Will the injection hurt a lot?
Most people say the stinging/burning of the numbing medicine is the most uncomfortable part of the procedure; however, each person's response to any procedure will differ. Although rare, it is possible to get a temporary "electric-shock" sensation during the procedure, since the injection is close to a nerve.
What happens during the actual procedure?
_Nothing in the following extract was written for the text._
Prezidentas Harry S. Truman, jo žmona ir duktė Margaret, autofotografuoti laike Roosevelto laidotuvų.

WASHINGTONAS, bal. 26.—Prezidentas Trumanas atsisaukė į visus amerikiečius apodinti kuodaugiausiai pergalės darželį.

After signing a consent form and checking your vital signs, the procedure will be done in the fluoroscopy (X-ray) room with you lying on your stomach. You may have an intravenous (IV) line started in your hand or arm to provide you with fluids and medication to help you relax. Your back is cleansed thoroughly with an antiseptic soap and sterile drapes are placed around the area. The skin is anesthetized (numbed) with a local anesthetic, which may produce a brief stinging or burning sensation that goes away in about 15 seconds. Using X-ray guidance, a needle is advanced to the proper location. A dye may be injected at this point (Please let the doctor know if you have any allergies to X-ray dye or shellfish!). A mixture of local anesthetic (numbing medicine) and steroid is then injected through the needle, and then the needle is removed. Your skin will be cleansed and a Band-Aid will be applied (the Band-Aid can be removed the next morning). Your blood pressure will be monitored in the recovery area for an appropriate time (usually 20-30 minutes) and you may be offered juice/soda and graham crackers. You will be given written and oral discharge instructions, and you may go home with your driver after your doctor authorizes discharge.
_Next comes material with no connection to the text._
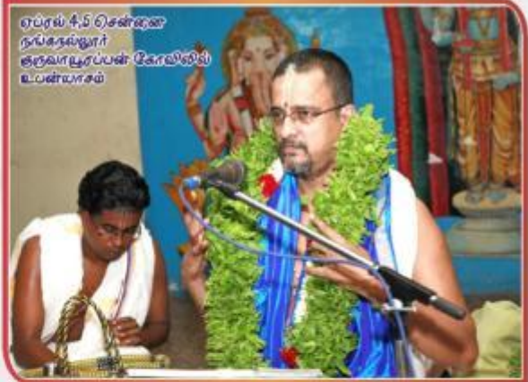
ஏப்ரல் 4, 5 சென்னை நங்குளியூர் குருகிராமராயன் கோவில்லில் உபநாயகம்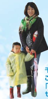
千葉駅から乗車した母子。これから買い物予定という。「子供がモノレール好きで、せがまれて乗りにきました」

How will I feel after the injection?
Your pain may be improved immediately after the injection from the local anesthetic. The steroid usually takes two or three days to have an effect in most people, peaking in about two weeks. You may experience some local tenderness for a couple of days after the injection. Using an ice pack three or four times a day will help alleviate this. You may take your usual pain medication after the injection. It is important that you keep track of the amount of pain relief you received as well as how long the pain relief lasted.
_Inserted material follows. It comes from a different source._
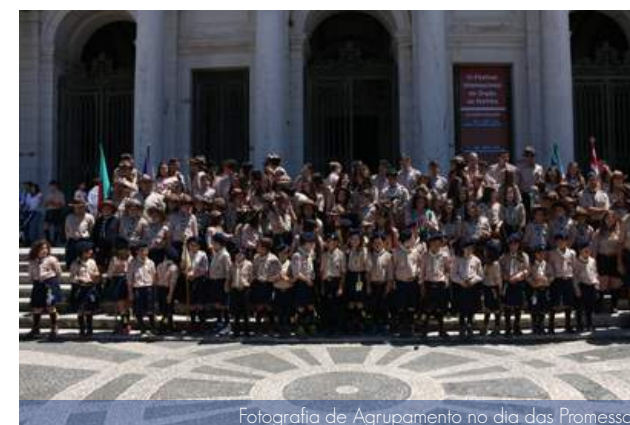
Fotografia de Agrupamento no dia das Promessas

Nos dias 11 e 12 de maio decorreu o Cerimonial das Promessas do nosso Agrupamento na Basílica do Palácio Nacional de Mafra. Diversos elementos das várias secções, Lobitos, Exploradores, Pioneiros e Caminheiros perante Deus, os seus familiares, amigos e restante comunidade fizeram a sua Promessa onde todos gritaram "Da melhor vontade" "Sempre Alerta" e "Servir". Os elementos da Alcateia, da Expedição, da Comunidade e do Clã receberam um novo lenço como prova do seu trabalho, dedicação e compromisso ficando também para nós este registo na história e tradição do nosso Agrupamento.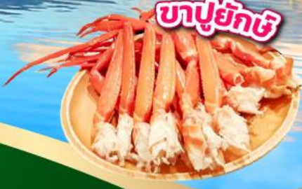
บาปุยักชิ

ชมวิวฟูจิ ริมทะเลสาบคาวากูจิโกะ อุโมงค์เสาโทริอิ ศาลเจ้าฟูชิมิอินาริ

Will I have any restrictions on the day of the procedure?
You may not drive for the remainder of the day after your procedure. A responsible adult (over 18 years old) must be present to drive you home or to accompany you in a taxi. The procedure will be cancelled if you don't have a responsible adult with you! This is for your safety. No heat is to be used on the injected area for the remainder of the day. No tub bath, shower or soaking in water (i.e., pool, hot tub, etc.) for the remainder of the day. You may resume normal diet and medications after the procedure unless told otherwise by your doctor.
When should I call the Pain Management Center?
We would like speak to you the day after your procedure regarding your response. Specifically, we would like to know if you experienced pain relief (if so, how long did it last), your current pain score, and if you are experiencing any problems. If you experience severe pain, new numbness or weakness of your arms or legs, a temperature of 100.5 or greater, a severe headache that doesn’t go away with your usual headache medication, or signs of infection in the area of the injection (redness, swelling, heat, discharge), you should call the Pain Management Center immediately at 410-448-6824 during business hours, and 410-448-2500 after hours to have the pain management physician on call paged to your number.